Every kid’s dream becomes every kid’s nightmare in this documentary following the band Unlocking The Truth’s premature bid for stardom with the help of a major record deal and some clueless adults. It not only tells a compelling human story, but revealing all the ticks and tricks that make mainstream pop music seem so manufactured.
The story, which you may or may not know, is that Unlocking The Truth is a heavy metal band of three African American middle schoolers from New York City whose YouTube videos got passed around a zillion times. When television producer Alan Sacks (he created Welcome Back Kotter) sees it, it screams opportunity, and he immediately goes about signing the guys to Sony for a record deal. Upon inking that deal, though, Sacks begins the image shaping, the micro-managing, changing and streamlining many of the aspects of the band that made the original videos so appealing to people, to the dissatisfaction of the band members themselves.

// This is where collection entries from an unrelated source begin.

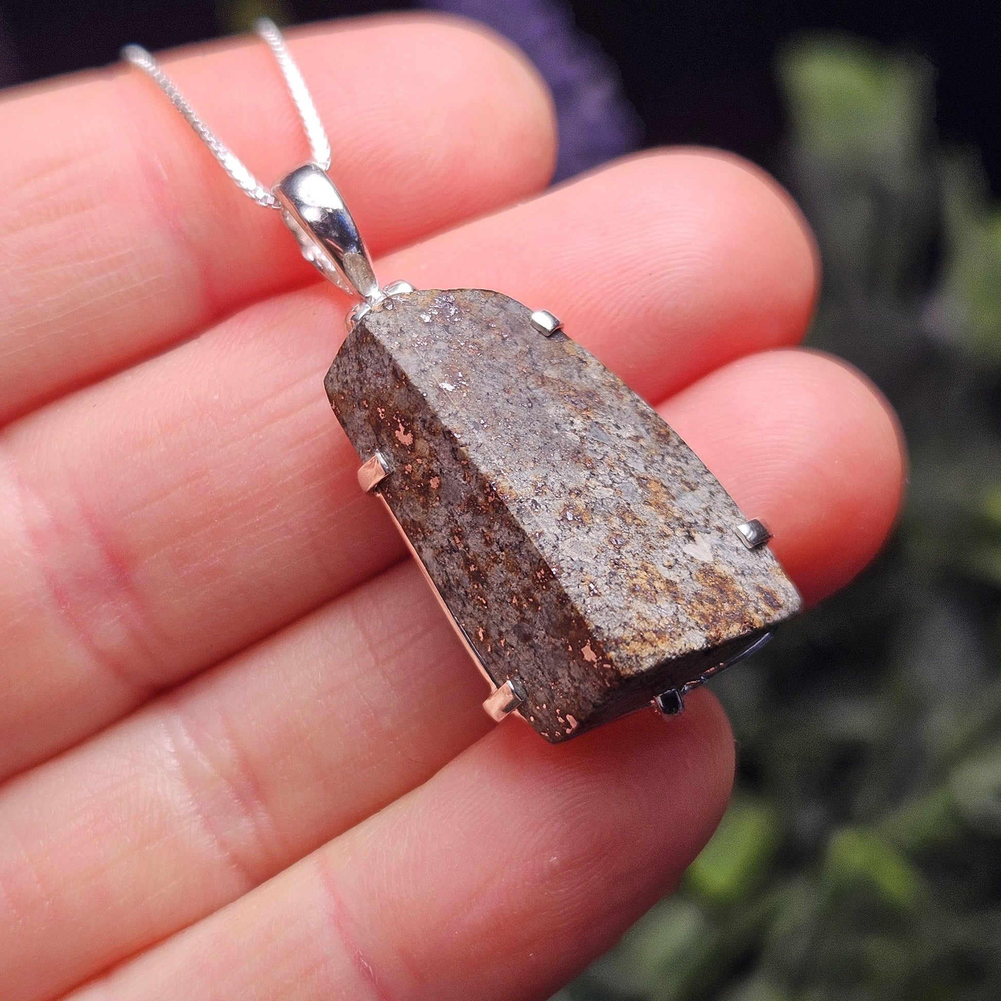 This Meteorite from Kenya has a grey coloring with rich brown speckles and has been polished to showcase its chondrules. This crystal has been custom created into a sturdy piece of jewelry using .925 Sterling Silver. This pendant measures approximately 34mm by 14mm. The silver chain used in the photos is to help envision how this pendant will look while adorned but is not included in the listing.
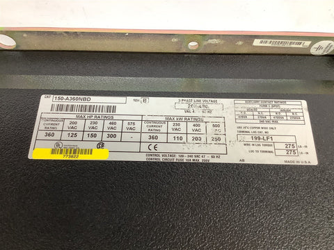 Allen-Bradley 150-A360NBD Smart Motor Controller 250 VAC 10 A Return Policy Returns accepted within 30 days. Items sold as is cannot be returned, unless description is in error. Buyer pays return freight. Shipping Policy We ship almost all items with 1 business day of cleared payment. We ship USPS and UPS. We can ship on your account. If you will be shipping freight, please be sure to provide all delivery contact information including a phone number. We will need to know if you have a fork lift or dock.
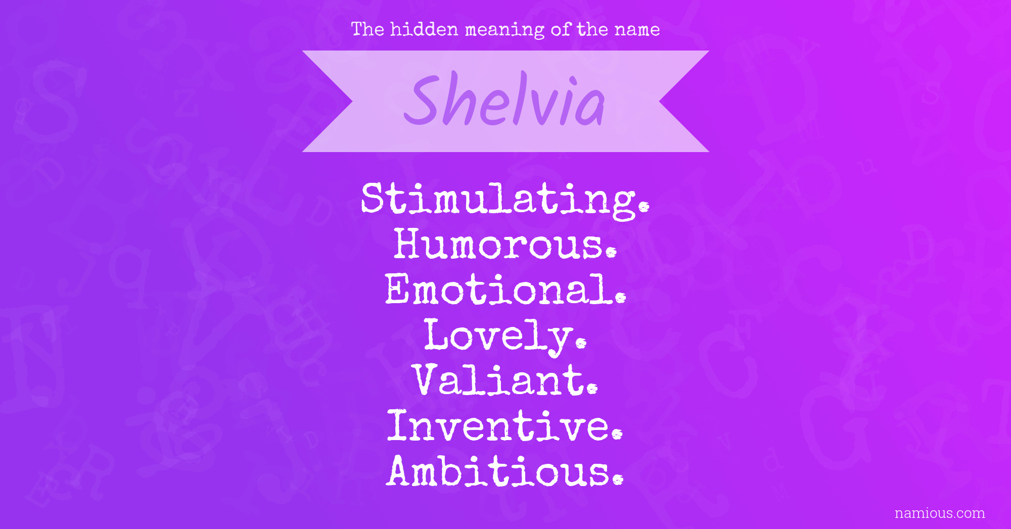 "Shelvia is a stimulating, humorous, emotional, lovely, valiant, inventive and ambitious person."
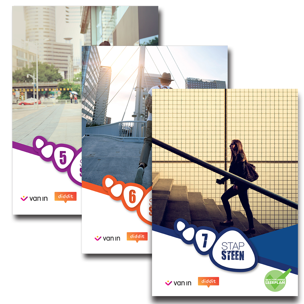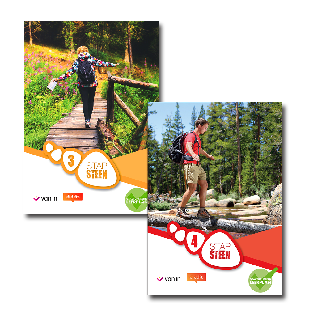 StapSteen, dat is telkens 1 leerwerkboek per jaar. Elk boek is opgebouwd volgens dezelfde structuur en doorheen de methode kunnen je leerlingen gebruikmaken van stapstenen, duidelijke kadertjes waarin je de nieuwe kennis en inzichten samen met je leerlingen vastzet, zodat ze stevig de volgende stap kunnen nemen.

And while this is the specific story of the three kids in Unlocking The Truth — and their parents, who are trying to do the right thing, though understandably not always sure what the right thing is — it also reveals the process within the music industry that grooms pop acts for consumption and profit. Thanks to the access that director Luke Meyer was able to get, we get to see the cynical way in which our pop stars are formed, by taking advantage of the naive dreams of the young and starry-eyed.
As it turns out, though, Unlocking The Truth, despite their age, are not entirely naive. Drummer Jarad Dawkins is more professional than many adults in a variety of callings, and guitarist Malcolm Brickhouse knows when he’s being swindled or used as a gimmick, and isn’t afraid to point it out on several occasions. And that’s why, as depressing as this documentary could be, it’s actually highly amusing, filled with the raucous sweetness of the band and the energy they bring to the screen.
But they’re also not entirely musically formed — who is in middle school? The problem there is that what Sacks and the Sony people effectively do is make sure there is no natural musical growth. Any innovations become imposed ones, brought on not by collaborative musicians, but people in the business of selling, so they are working from a catalog of tropes and cliches designed to bring in quick bucks. There is no wider scope cast on the band’s music, and the only real deference to their personal quirks and strengths involve making them sellable. It’s more about their stage outfits than the songs they perform.
If you ever thought that the rock and roll was not under the strict control of old white people without a clue, that it really was about rebellion, you might be disappointed about the revelations here. Sacks saw an sellable idea when he saw that YouTube video, and allowed the camera to capture the proof — when it comes to modern pop music, the music itself is the last consideration on the list. Thankfully, the music industry’s failure is documentary film’s victory.